I wonder if there's some caching-issue happening when running from SRAM that doesn't happen when running from flash. Could be a unique interaction of the D-Cache while reading from SRAM. The flash and AXI do have different device memory area attributes (as per table 7 in the reference manual) that could be the cause.

QSPI is write-through AXI SRAM is write-back write-allocate Flash is write-through

I can do a bit more digging on this this week, but in the meantime, I'd suggest trying the following if you have time:

  1. Does disabling the DCache SCB_DisableDCache() for the entire program result in the same behavior.
  2. If that resolves it then you could try running dsy_dma_invalidate_cache_for_buffer on the chunk on the data at the address you're using from QSPI.
ndonald2 commented 1 year ago

@stephenhensley

Thanks so much for the detailed response! you were right on the nose, disabling DCache globally fixes the issue, and explicitly invalidating the cache for the memory I need to read from also works brilliantly.

Would you like me to put this into a PR? I have only tested for BOOT_SRAM and internal flash but it's working for both.

    void StoreSettingsIfChanged()
    {
        SaveStruct s;
        s.storage_state = state_;
        s.user_data     = settings_;

        void *data_ptr = qspi_.GetData(address_offset_);

        // Caching behavior is different when running programs outside internal flash
        // so we need to explicitly invalidate the QSPI mapped memory to ensure we are
        // comparing the local settings with the most recently persisted settings.
        if (System::GetProgramMemoryRegion() != System::MemoryRegion::INTERNAL_FLASH)
        {
            dsy_dma_invalidate_cache_for_buffer((uint8_t *)data_ptr, sizeof(s));
        }

        // Only actually save if the new data is different
        // Use the `==operator` in custom SettingStruct to fine tune
        // what may or may not trigger the erase/save.
        auto storage_data = reinterpret_cast<SaveStruct *>(data_ptr);
        if(settings_ != storage_data->user_data)
        {
            qspi_.Erase(address_offset_, address_offset_ + sizeof(s));
            qspi_.Write(address_offset_, sizeof(s), (uint8_t *)&s);
        }
    }
ndonald2 commented 1 year ago

Or maybe it makes more sense to add this directly into the QSPI handle so it fixes other use cases 🤔

GetData() is agnostic of size, it just returns a pointer, so I'm not sure how that would fit nicely into the current interface.

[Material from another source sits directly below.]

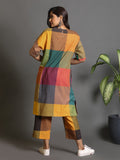 Multicolor Checks Khadi Antifit Co-Ord Set With Kantha Detailing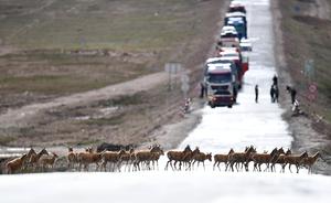 (250725) -- XINING, 25 julio, 2025 (Xinhua) -- Imagen del 28 de julio de 2023 de una manada de antílopes...

But perhaps invalidating the cache after a write or erase if necessary?

stephenhensley commented 1 year ago

@ndonald2 Your proposed fix is definitely a good stop gap.

Possible alternatives that would work more universally:

Both of those have their own issues.. So for the time being I think patching the PersistentStorage to have the fix would be probably be solid.

If you've got the time to make a PR, that would be very welcome.

Thanks!

ndonald2 commented 1 year ago

@stephenhensley no problem, done! Thanks for rubber ducking this.

stephenhensley commented 1 year ago

@ndonald2 awesome! And no problem, thanks for getting a fix together!